--- Task to complete ---
Exactly as they appear, transcribe the entries and skip any pictures.

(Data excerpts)
━━━━━━━━━━━━━━━━

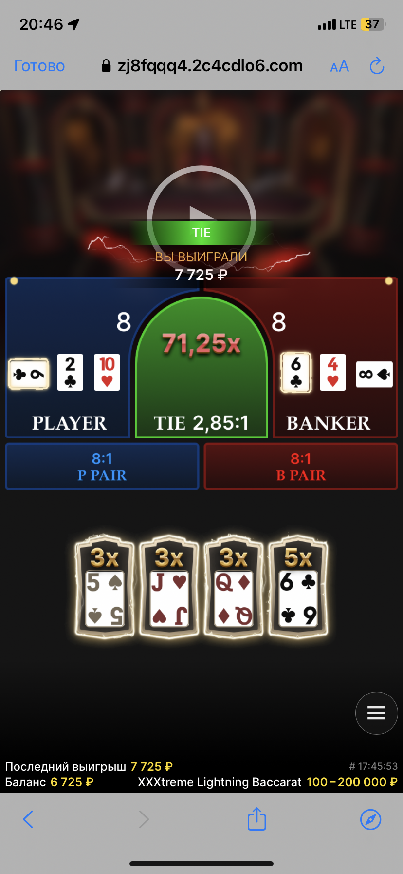 В очередном блиц раунде за карты 6 крести присваивались дополнительные множители 3 и 5х. Они достались и плееру, и банкиру, и каким-то чудом у них получилась из этого ничья. Икс суммировался, и выплата за ничью составила целых 71,25х!
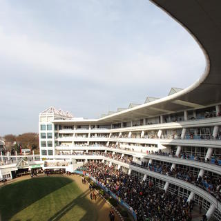 なかなか珍しいアングルの一枚。パドックを下から上まで一枚に。
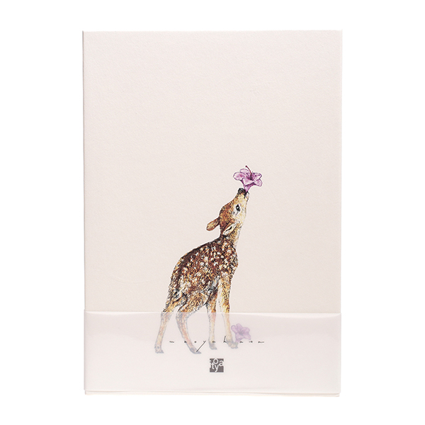 つつじの蜜を吸って遊ぶ小鹿が描かれた、若手クリエイターの秦直也とコラボレーションした伊東屋オリジナルノートです。
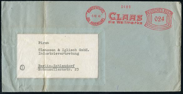 8663 | 25 € | PL-Raum 48.. (ohne Bielefeld) : HARSEWINKEL/ (KR.WARENDORF)/ CLAAS/ die Weltmarke 1946 (5.10.) AFS Francotyp "Bogenrechteck" unverändert mit Inschrift "DEUTSCHES REICH" weiterverwendet = Notmaßnahme! , rs. Abs.-Ra.3 (Bf. links gefaltet) klar gest. Fern-Bf. (Dü.E-1CEh, unverändert) | ![]() | |
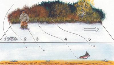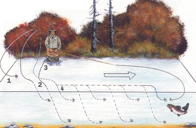 Шнур слегка выгибается дугой, и его вновь перекладывают вверх по течению, одновременно сдавая одну или две петли свободного шнура. Ход нимфы вследствие этого притормаживается, и она под действием силы, направленной вверх по течению, поднимается (4).
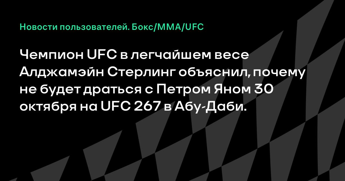 Чемпион UFC в легчайшем весе Алджамэйн Стерлинг объяснил, почему не будет драться с Петром Яном 30 октября на UFC 267 в Абу-Даби.
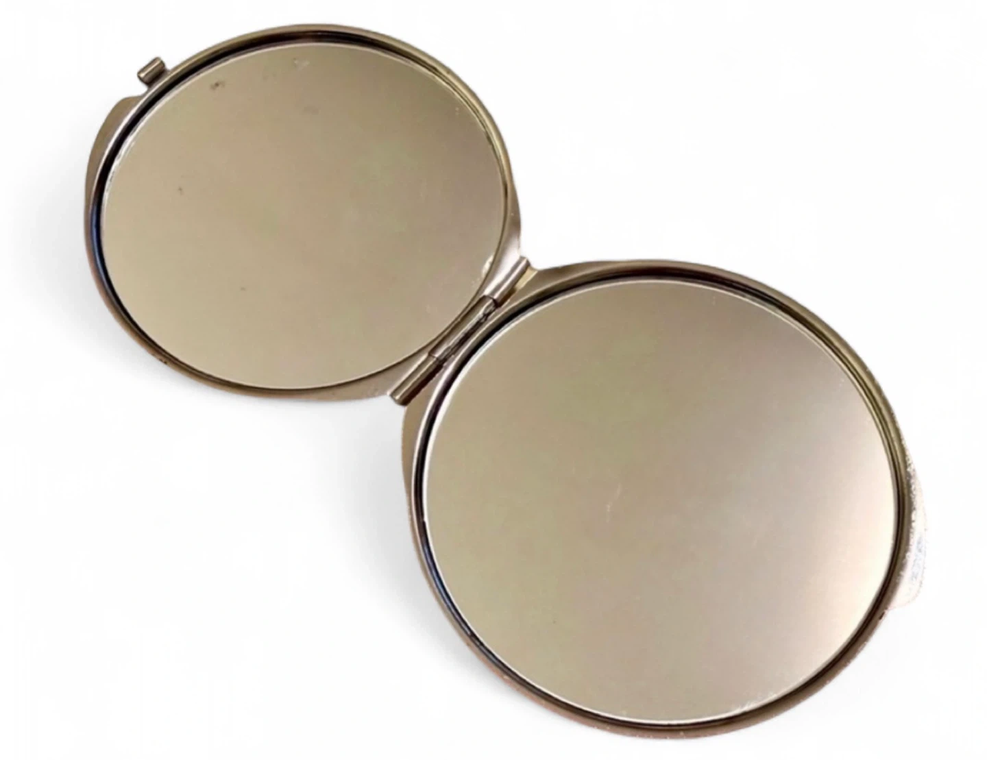 I’m the original owner, I forget where it was from but I know it’s rare. No jewels missing or major flaws, but view photos carefully. Keep in mind the age of it and I used it a lot growing up. Absolutely gorgeous in person and the mirrors are pretty good quality. Perfect for putting in your purse or travelling.
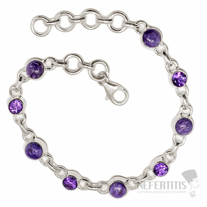 Strieborný náramok s čaroitmi krásnej kvality a brúsenými ametystmi. Nádherne fialovo sfarbené čaroity vás okúzlia nielen svojim hodvábnym leskom, ale aj premenou kresby v meniacom sa svetle. Ag 925. Kupujete priamo vyobrazený šperk.
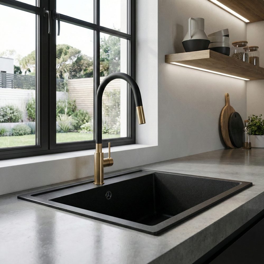 Kakovostna kuhinjska armatura s prilagodljivim izlivom.
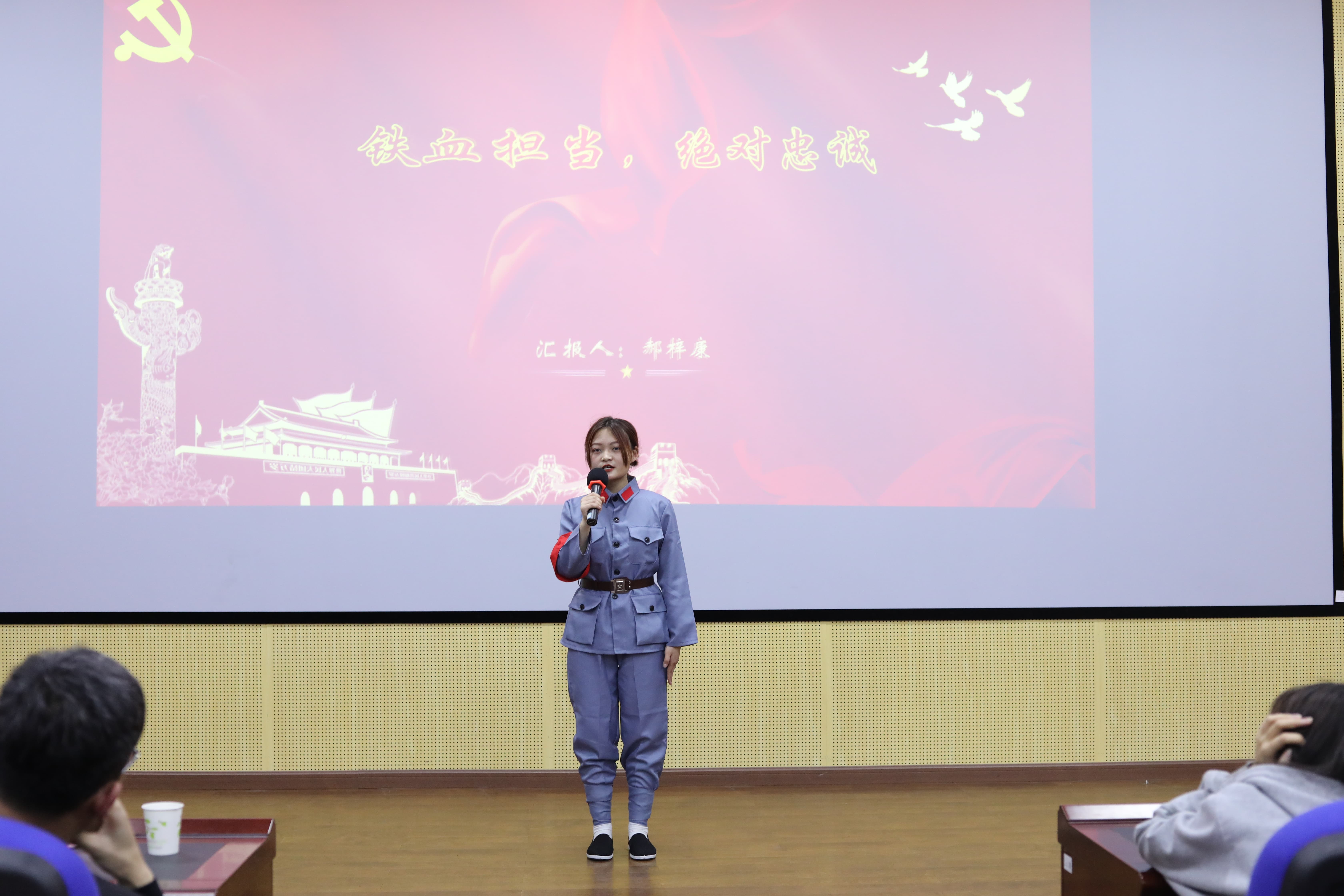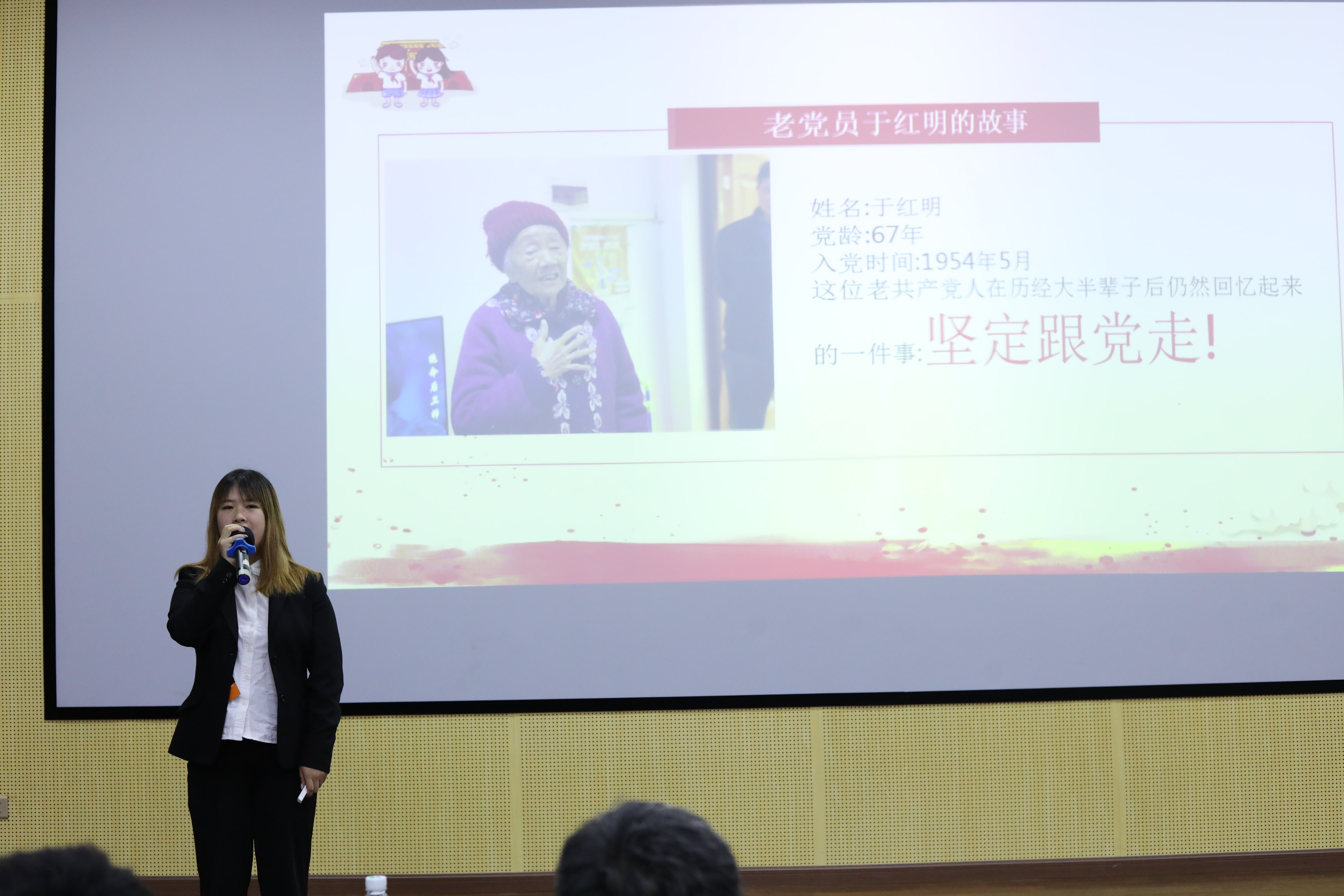 刘莎萍同学则向大家讲述了九旬退休党员于红明的故事。她说:“近百年来,一代又一代共产党人不断探索创新,铸就了伟大的新中国。作为新一代青年,我们要做坚定的理论捍卫者、忠实的初心传承者、自觉的道路践行者,大力传承弘扬革命精神,让红色基因代代传承、精神力量生生不息。”同学们为之动容,纷纷表示要怀赤子之心,投青春之躯,奉无畏之魂,在党的带领下,谱写更辉煌的篇章。
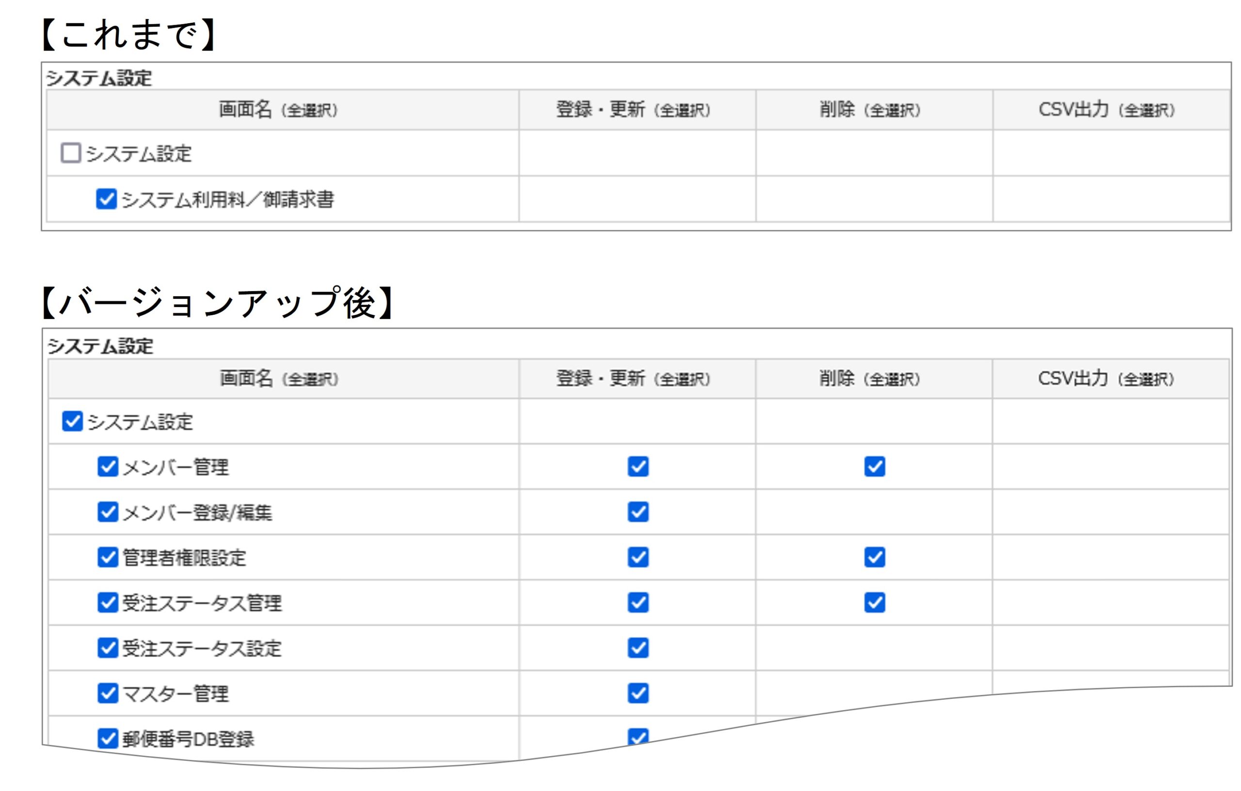 システム設定>管理者権限設定画面にて、システム設定のメニューについて、「システム利用料/御請求書」以外のメニューの権限設定が可能なよう改善されます。
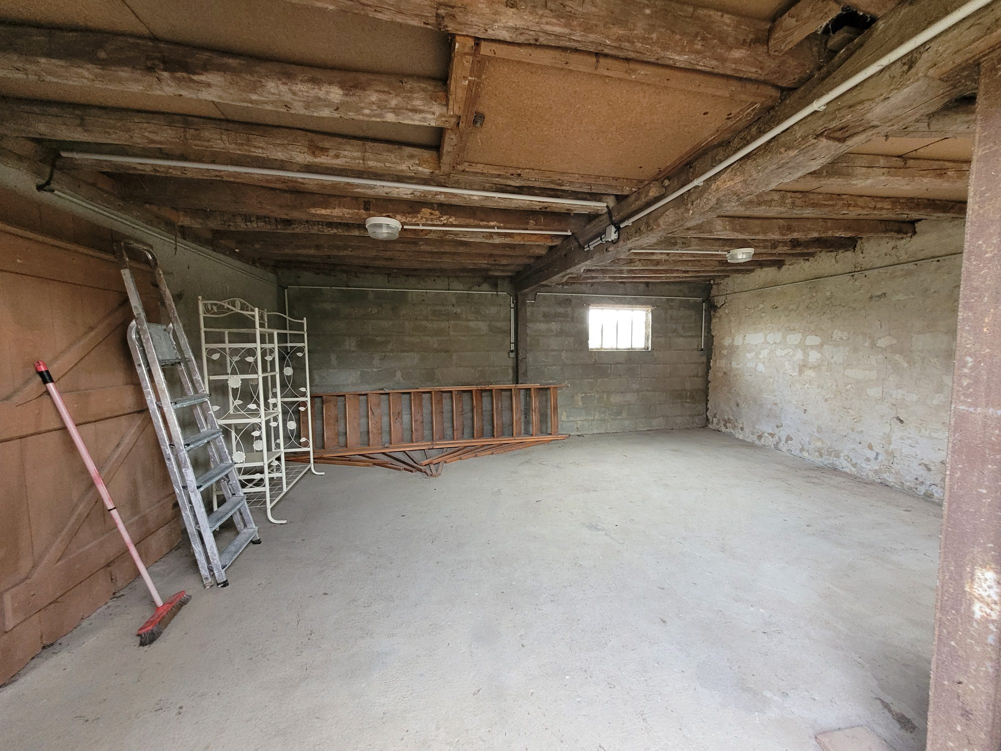 Centre-bourg de La Rouge, bâtiment en pierre, briques et parpaings, couvert en tuiles à usage de garage (44m2) avec grenier. Eau et électricité. Le tout sur un terrain clos de 481m2. Les informations sur les risques auxquels ce bien est exposé sont disponibles sur le site Géorisques : georisques.gouv.fr
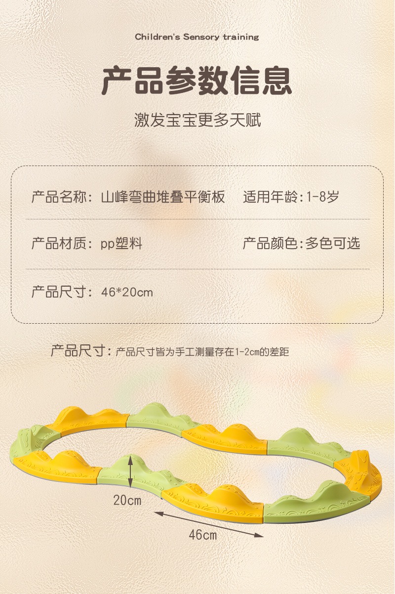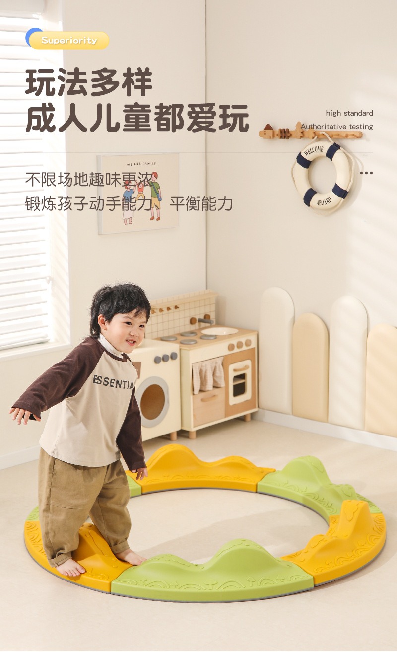 还在为孩子过剩的精力无处安放而烦恼吗?还在担心孩子平衡感、协调性发展迟缓吗? 来自“中国教玩具之都”的星丁诺,为您带来这款专为1-8岁儿童设计的感统训练明星产品——山峰弯曲平衡板。它不只是一套玩具,更是开启孩子身体潜能、激发探索乐趣的专业教具。

━━━━━━━━━━━━━━━━

--- Answer space ---
 В очередном блиц раунде за карты 6 крести присваивались дополнительные множители 3 и 5х. Они достались и плееру, и банкиру, и каким-то чудом у них получилась из этого ничья. Икс суммировался, и выплата за ничью составила целых 71,25х!
 なかなか珍しいアングルの一枚。パドックを下から上まで一枚に。
 つつじの蜜を吸って遊ぶ小鹿が描かれた、若手クリエイターの秦直也とコラボレーションした伊東屋オリジナルノートです。
 8663 | 25 € | PL-Raum 48.. (ohne Bielefeld) : HARSEWINKEL/ (KR.WARENDORF)/ CLAAS/ die Weltmarke 1946 (5.10.) AFS Francotyp "Bogenrechteck" unverändert mit Inschrift "DEUTSCHES REICH" weiterverwendet = Notmaßnahme! , rs. Abs.-Ra.3 (Bf. links gefaltet) klar gest. Fern-Bf. (Dü.E-1CEh, unverändert) | ![]() | |
 Шнур слегка выгибается дугой, и его вновь перекладывают вверх по течению, одновременно сдавая одну или две петли свободного шнура. Ход нимфы вследствие этого притормаживается, и она под действием силы, направленной вверх по течению, поднимается (4).
 Чемпион UFC в легчайшем весе Алджамэйн Стерлинг объяснил, почему не будет драться с Петром Яном 30 октября на UFC 267 в Абу-Даби.
 I’m the original owner, I forget where it was from but I know it’s rare. No jewels missing or major flaws, but view photos carefully. Keep in mind the age of it and I used it a lot growing up. Absolutely gorgeous in person and the mirrors are pretty good quality. Perfect for putting in your purse or travelling.
 Strieborný náramok s čaroitmi krásnej kvality a brúsenými ametystmi. Nádherne fialovo sfarbené čaroity vás okúzlia nielen svojim hodvábnym leskom, ale aj premenou kresby v meniacom sa svetle. Ag 925. Kupujete priamo vyobrazený šperk.
 Kakovostna kuhinjska armatura s prilagodljivim izlivom.
 刘莎萍同学则向大家讲述了九旬退休党员于红明的故事。她说:“近百年来,一代又一代共产党人不断探索创新,铸就了伟大的新中国。作为新一代青年,我们要做坚定的理论捍卫者、忠实的初心传承者、自觉的道路践行者,大力传承弘扬革命精神,让红色基因代代传承、精神力量生生不息。”同学们为之动容,纷纷表示要怀赤子之心,投青春之躯,奉无畏之魂,在党的带领下,谱写更辉煌的篇章。
 システム設定>管理者権限設定画面にて、システム設定のメニューについて、「システム利用料/御請求書」以外のメニューの権限設定が可能なよう改善されます。
 Centre-bourg de La Rouge, bâtiment en pierre, briques et parpaings, couvert en tuiles à usage de garage (44m2) avec grenier. Eau et électricité. Le tout sur un terrain clos de 481m2. Les informations sur les risques auxquels ce bien est exposé sont disponibles sur le site Géorisques : georisques.gouv.fr
 还在为孩子过剩的精力无处安放而烦恼吗?还在担心孩子平衡感、协调性发展迟缓吗? 来自“中国教玩具之都”的星丁诺,为您带来这款专为1-8岁儿童设计的感统训练明星产品——山峰弯曲平衡板。它不只是一套玩具,更是开启孩子身体潜能、激发探索乐趣的专业教具。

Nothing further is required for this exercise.